*** Opening of Material supplied ***

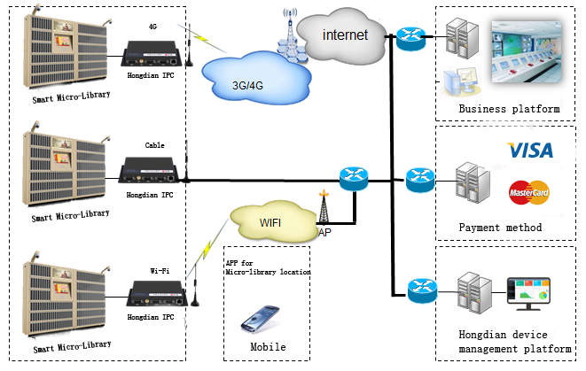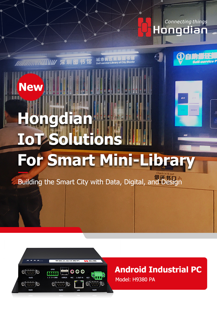 The Project of Smart Mini-library consists of four parts: unmanned bookcase, Hongdian intelligent industrial PC, cloud platform and APP. The Hongdian H9380A Intelligent Industrial Computer is connected to the peripherals such as man-machine interactive display screen, RFID card reader, touch screen, bookcase electronic lock, camera, payment o-dimensional wharf and so on. The information of book borrowing, payment and equipment running status is uploaded to the operation platform of intelligent Mini-library, APP and Hongdian Wedora cloud platform in real time. Operating enterprises can carry out business analysis and operation remotely, manage bookcases, reserve books, and set up terminals. The unmanned bookcase can be placed indoors or outdoors and no longer be confined to fixed indoor places such as schools and libraries.
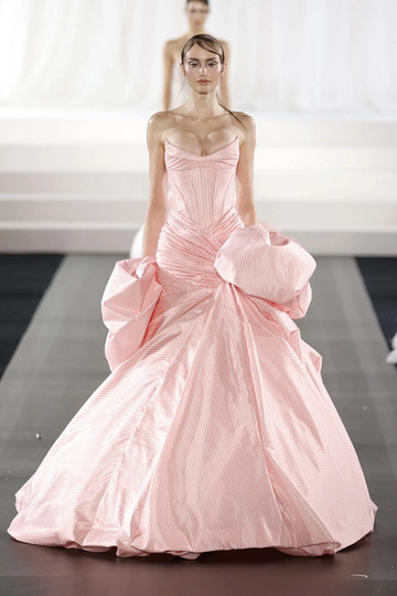 Οι όγκοι αψηφούν τη βαρύτητα. Φορέματα που μοιάζουν να αιωρούνται. Σιλουέτες που άλλοτε αγκαλιάζουν το σώμα με απόλυτη ακρίβεια και άλλοτε το αφήνουν να αναπνέει μέσα σε αέρινα στρώματα τούλι.
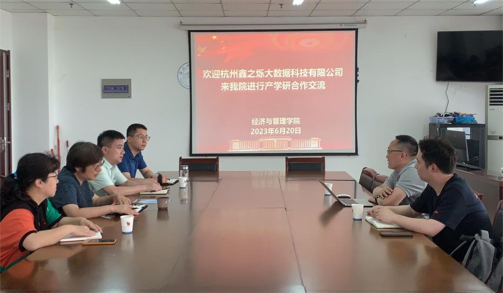 本网讯 为深化学院人才培养模式改革,提升人才培养质量,推动精准就业,6月20日下午,杭州鑫之烁大数据科技有限公司总经理易建安、秦子川老师一行2人来院开展校企合作交流。经济与管理学院党委书记陈好、副院长黄虹、钟玉文等人参加交流会。会议由黄虹主持。
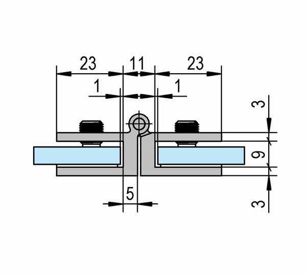 Vitreasy glass-glass furniture hinges for easy attachment of glass doors to glass side panels of, for example, all-glass display cabinets. Available in various sizes and with and without glass processing.
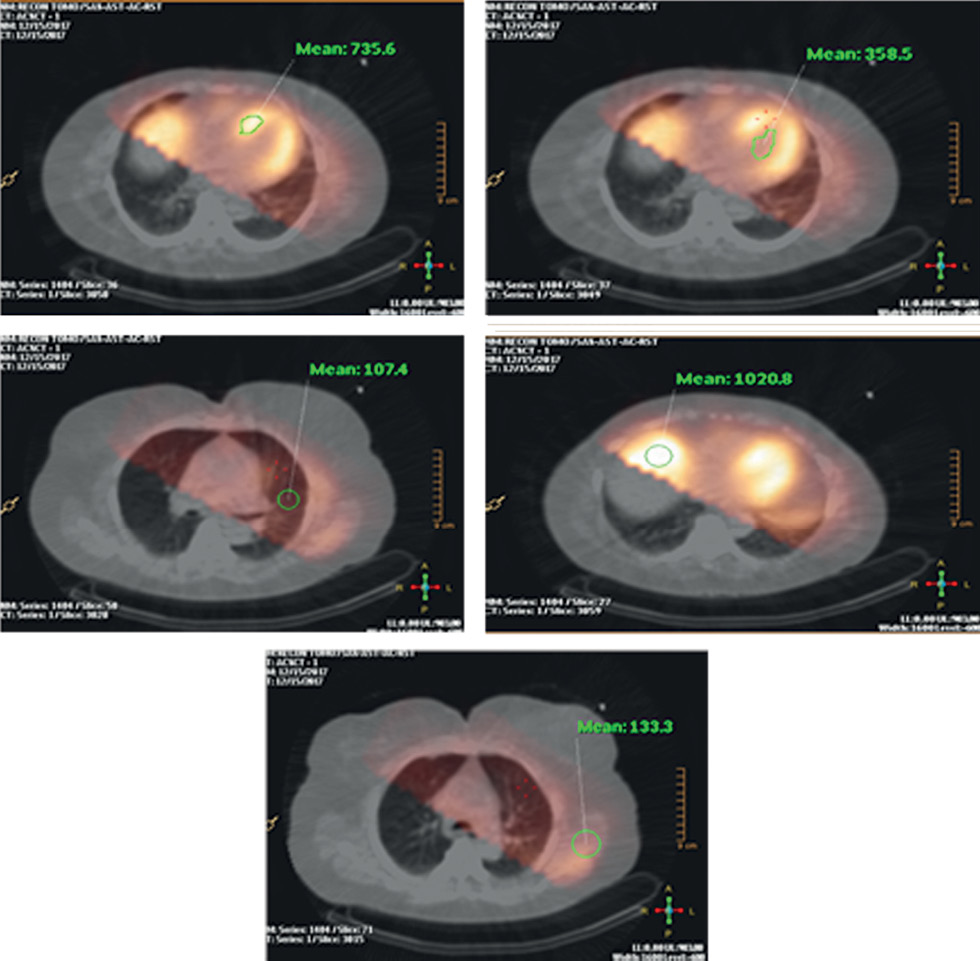 Fig. 2. Clinical data. Relative values (pulse/voxel) of accumulation of the radiopharmaceutical 99mTc-MIBI in the patient’s chest organs. The images were obtained during examination of the patient using single-photon emission computed tomography combined with computed tomography using a Philips BrightView XCT installation at the Federal State Budgetary Institution “National Medical Research Center for Cardiology named after Academician E.I. Chazov" of the Ministry of Health of the Russian Federation.
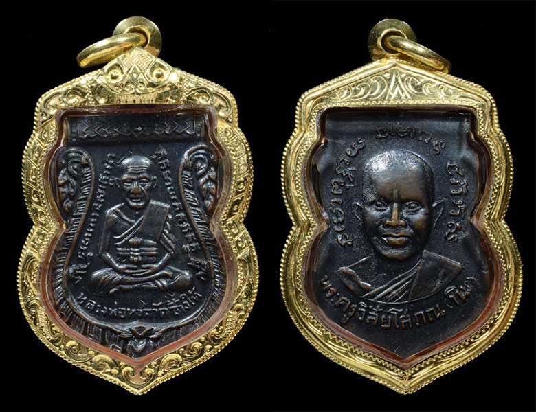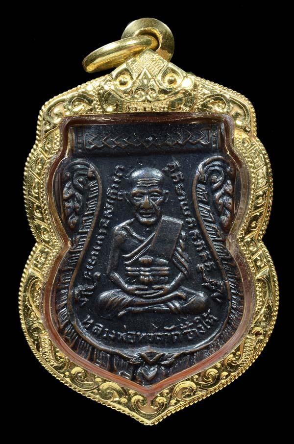 หลวงพ่อทวด วัดช้างให้ พิมพ์กลีบบัว  เนื้อทองเหลืองรมดำ รุ่น ร.ศ.200 ปี 2525.
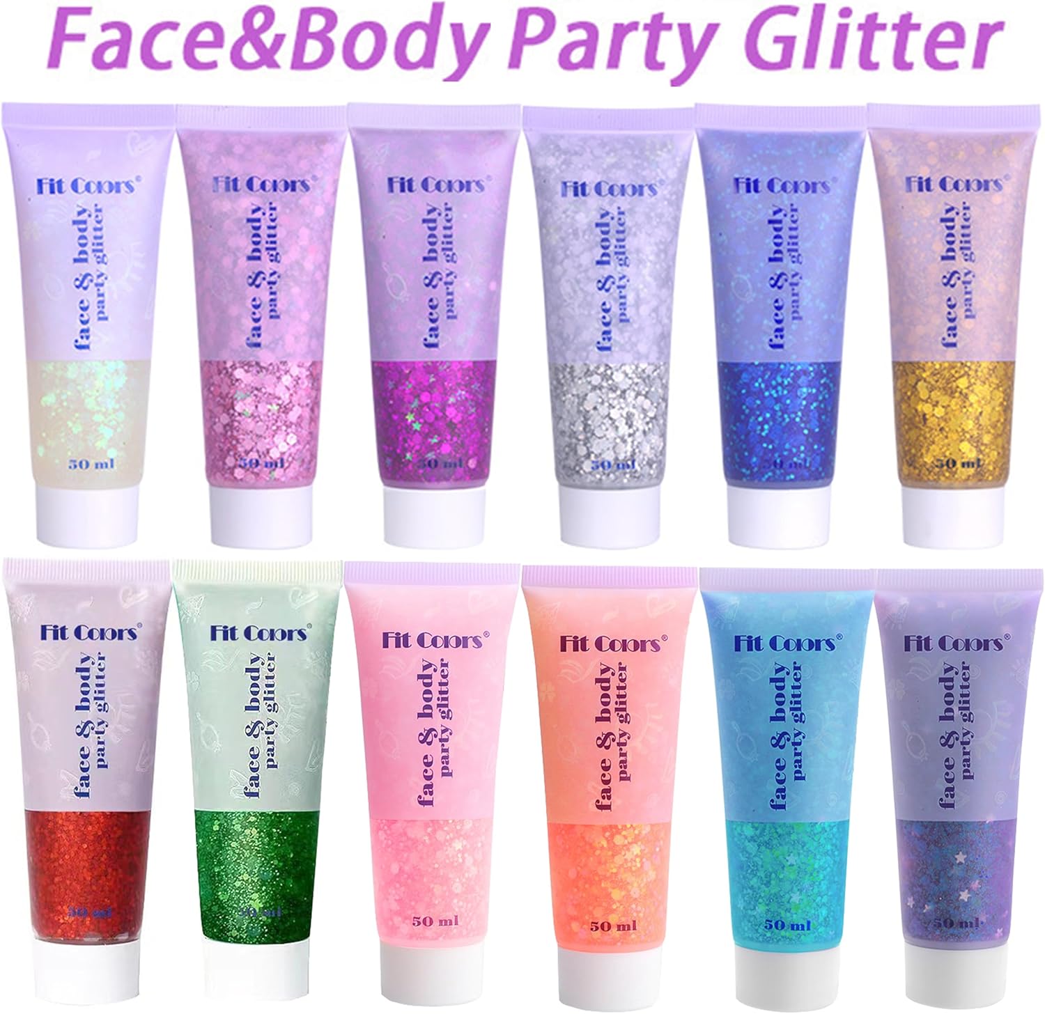 - Multiple Colors Holographic Glitter Gel --- Our Sparkly body glitter are rich in many colors.This face glitter gel is made of holographic glitter, contains 50ml glitter gel, which is light and durable. Large number of holographic sequins, the color and shine of the laser sequins vary with the perspective, like a rainbow
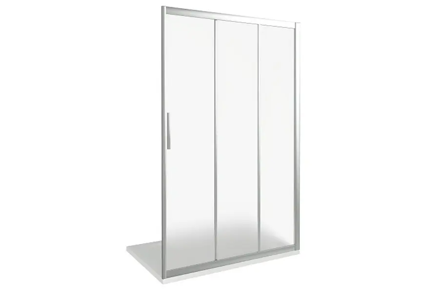 Душевая дверь Bas Orion обладает размером 110х185 см. Конструкция состоит из трех секций: одной неподвижной и двух раздвижных. Устанавливается в облицованный кафелем угол или нишу ванной комнаты на поддон или непосредственно на пол со встроенным душевым каналом или трапом
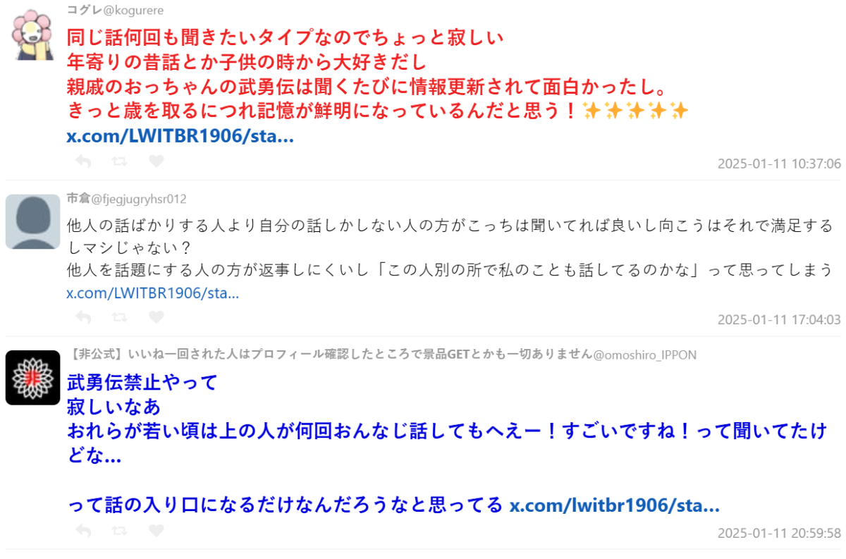 不過也有網友表示,其實這類人並沒有不好,比起那些討論他人的事務或八卦,他們吹噓自己也不傷害他人,甚至有些人真的在這種場合只會說這種話,想想如果禁止好像有點寂寞阿 ( ? )
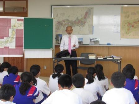 顕彰会の会員が講師となり、市内の中学校での赤水に関する講義の様子
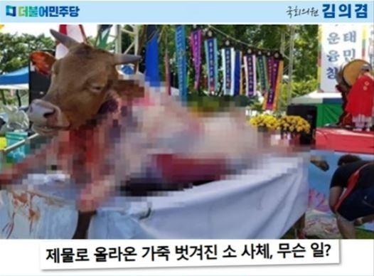 살아있는 소의 가죽을 벗겨 제물로 바친 엽기 굿판이 2018년 9월 9일 충주시 중앙탑에서 살아있는 소의 가죽을 벗겨서 굿을 하는 행사가 벌어져 사회적으로 큰 논란이 벌어졌다.
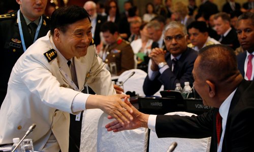 Đô đốc Tôn Kiến Quốc bắt tay với một đại biểu dự Đối thoại Shangri-La. Ảnh: Reuters
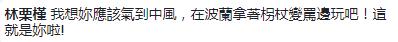 網(wǎng)友們紛紛留言“她現(xiàn)在豈不瘋掉了,淹大水耶!是全部南臺(tái)灣呢!”“邱大‘委員’這次怎么沒(méi)有講快要中風(fēng),你是以黨論黨嗎?”“氣到趕快去波蘭狂歡來(lái)壓壓驚咩”“你怎么不罵了?難不成你中風(fēng)了?丟臉啊。”“現(xiàn)世報(bào)來(lái)的真快啊”“一個(gè)旗山人跑去金門玩,一個(gè)旗山‘立委’跑去波蘭玩,不知道這次屏東女兒要砸?guī)着_(tái)電視呢?”
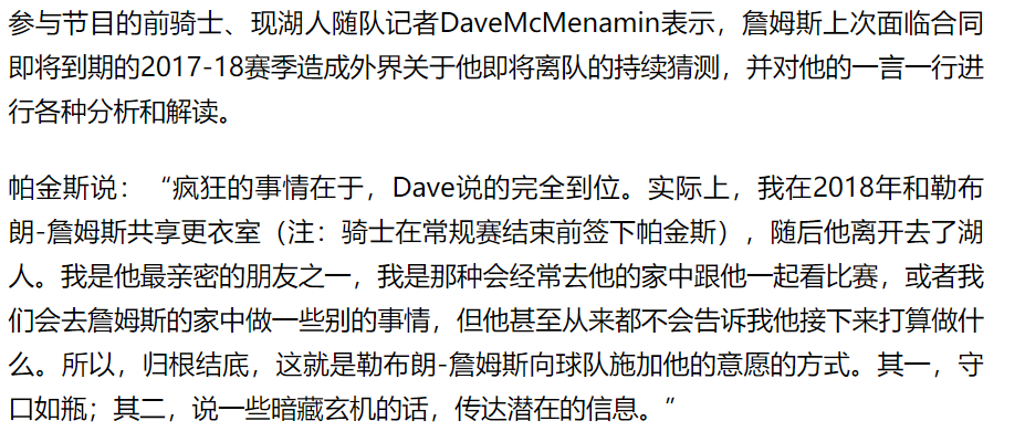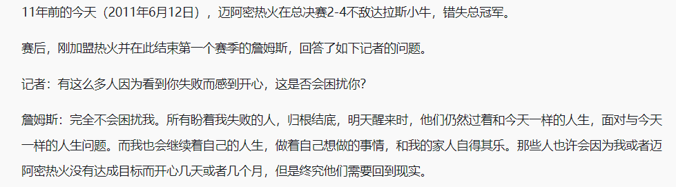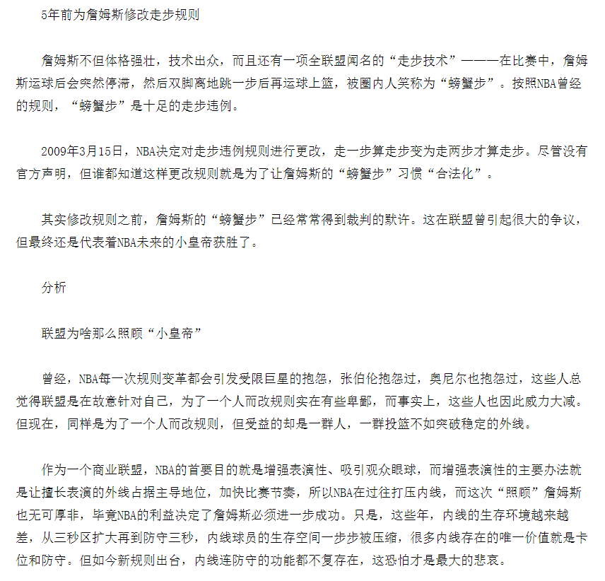 这篇文章详细地分析了热火抱团事件的始末,西强东弱的格局影响等,以及总结了不少稀有的资料,介绍了詹姆斯场上场下的许多故事,也对近年来常见的一些言论(例如克利夫兰小城,詹姆斯控股媒体等)做出了我的解释。
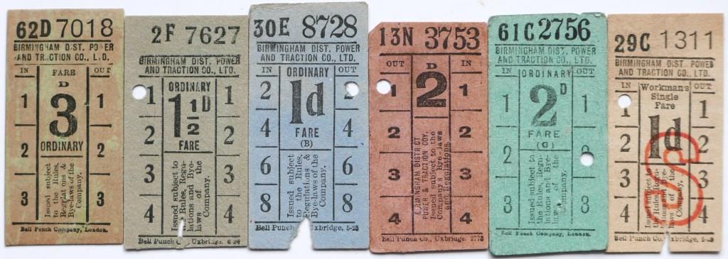 | 727 | 6 Birmingham District Power & Traction Company numerical punch type tickets Values up to 3d. | £40 |  |
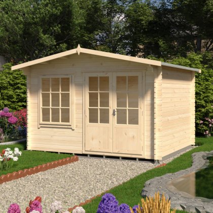 - Classic, log cabin appearance with an attractive apex roof and elegant, Georgian-style window

*** Close of Material supplied ***

Copy nothing past the line containing "Vitreasy glass-glass furniture": reproduce every line from the start of the records up to it, skipping pictures.

 The Project of Smart Mini-library consists of four parts: unmanned bookcase, Hongdian intelligent industrial PC, cloud platform and APP. The Hongdian H9380A Intelligent Industrial Computer is connected to the peripherals such as man-machine interactive display screen, RFID card reader, touch screen, bookcase electronic lock, camera, payment o-dimensional wharf and so on. The information of book borrowing, payment and equipment running status is uploaded to the operation platform of intelligent Mini-library, APP and Hongdian Wedora cloud platform in real time. Operating enterprises can carry out business analysis and operation remotely, manage bookcases, reserve books, and set up terminals. The unmanned bookcase can be placed indoors or outdoors and no longer be confined to fixed indoor places such as schools and libraries.
 Οι όγκοι αψηφούν τη βαρύτητα. Φορέματα που μοιάζουν να αιωρούνται. Σιλουέτες που άλλοτε αγκαλιάζουν το σώμα με απόλυτη ακρίβεια και άλλοτε το αφήνουν να αναπνέει μέσα σε αέρινα στρώματα τούλι.
 本网讯 为深化学院人才培养模式改革,提升人才培养质量,推动精准就业,6月20日下午,杭州鑫之烁大数据科技有限公司总经理易建安、秦子川老师一行2人来院开展校企合作交流。经济与管理学院党委书记陈好、副院长黄虹、钟玉文等人参加交流会。会议由黄虹主持。
 Vitreasy glass-glass furniture hinges for easy attachment of glass doors to glass side panels of, for example, all-glass display cabinets. Available in various sizes and with and without glass processing.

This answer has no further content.